Islet grafts can induce insulin independence in type 1 diabetic patients, but their function is variable with only 10% insulin independence after 5 years. We investigated whether cultured grafts with defined beta cell number help standardize metabolic outcome. Nonuremic C-peptide-negative patients received an intraportal graft with 0.5-5.0 x 10(6) beta cells per kilogram of body weight (kg BW) under antithymocyte globulin and mycophenolate mofetil plus tacrolimus. Metabolic outcome at posttransplant (PT) month 2 was used to decide on a second graft under maintenance mycophenolate mofetil/tacrolimus. Graft function was defined by C-peptide >0.5 ng/ml and reduced insulin needs, metabolic control by reductions in HbA(1c), glycemia coefficient of variation, and hypoglycemia. At PT month 2, graft function was present in 16 of 17 recipients of >2 x 10(6) beta cells per kg BW versus 0 of 5 with lower number. The nine patients with C-peptide >1 ng/ml and glycemia coefficient of variation of <25% did not receive a second graft; five of them were insulin-independent until PT month 12. The 12 others received a second implant; it achieved insulin-independence at PT month 12 when the first and second graft contained >2 x 10(6) beta cells per kg BW. Of the 20 recipients of at least one graft with >2 x 10(6) beta cells per kg BW, 17 maintained graft function and metabolic control up to PT month 12. At PT month 12, beta cell function in insulin-independent patients ranged around 25% of age-matched control values. Thus, 1-year metabolic control can be reproducibly achieved and standardized by cultured islet cell grafts with defined beta cell number.

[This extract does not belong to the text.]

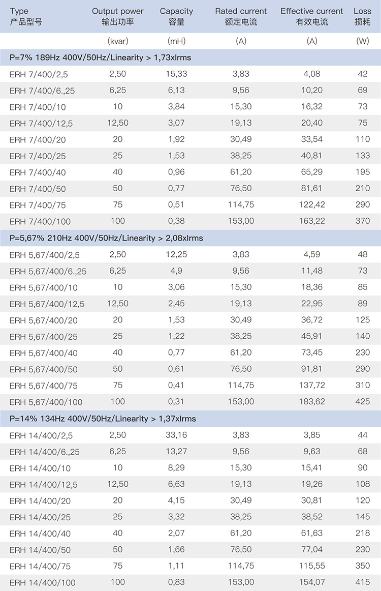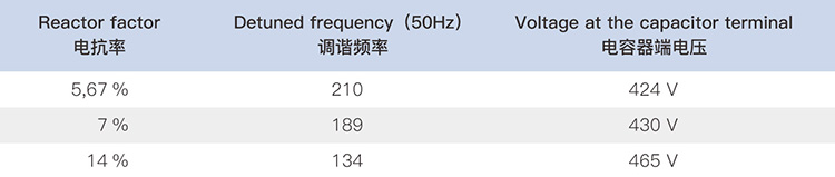 見下表;標準電抗器因數、諧振頻率和電容器端電壓見下表電容器單元標稱電壓應始終選擇在給定值之上。

Conflict of interest statement

The authors declare no conflict of interest.

Figures

Fig. 1.

Flow diagram of islet β cell transplants in 22 nonuremic type 1 diabetic patients. Survival of a β cell implant in C-peptide-negative (

Fig. 2.

Correlation between β cell number in the first graft and metabolic outcome at PT month 2 as measured by plasma C-peptide (Top), CV (Middle), and mean (Bottom) prebreakfast glycemia. A positive correlation was found between β cell number and plasma C-peptide (R = 0.69, P < 0.001) and CVgl (R = −0.69, P < 0.001) but not with mean glycemia (R = −0.14, P = 0.52).

Fig. 3.

Longitudinal follow-up of mean and CVgl, HbA1c, and daily insulin dose in the 18 type 1 diabetic patients with 1 year surviving grafts. Patients are divided in two groups according to their state of insulin (in)dependence at PT month 12: n = 10 insulin-independent (solid line) and n = 8 insulin-dependent (dashed line) patients. Data are means ± SEM. Statistical difference versus pretransplantation: ∗, P < 0.01; ∗∗, P < 0.001. Statistical difference between groups: †, P < 0.01; ††, P < 0.001.

Fig. 4.

Glucose-clamp induced C-peptide release in the absence and presence of glucagon. Data represent individual values of area under the curve (AUC) (ng/ml per min) measured in 10 insulin-independent graft recipients at PT month 12 (solid lines) and in 12 age- and BW-matched nondiabetic controls (dashed lines).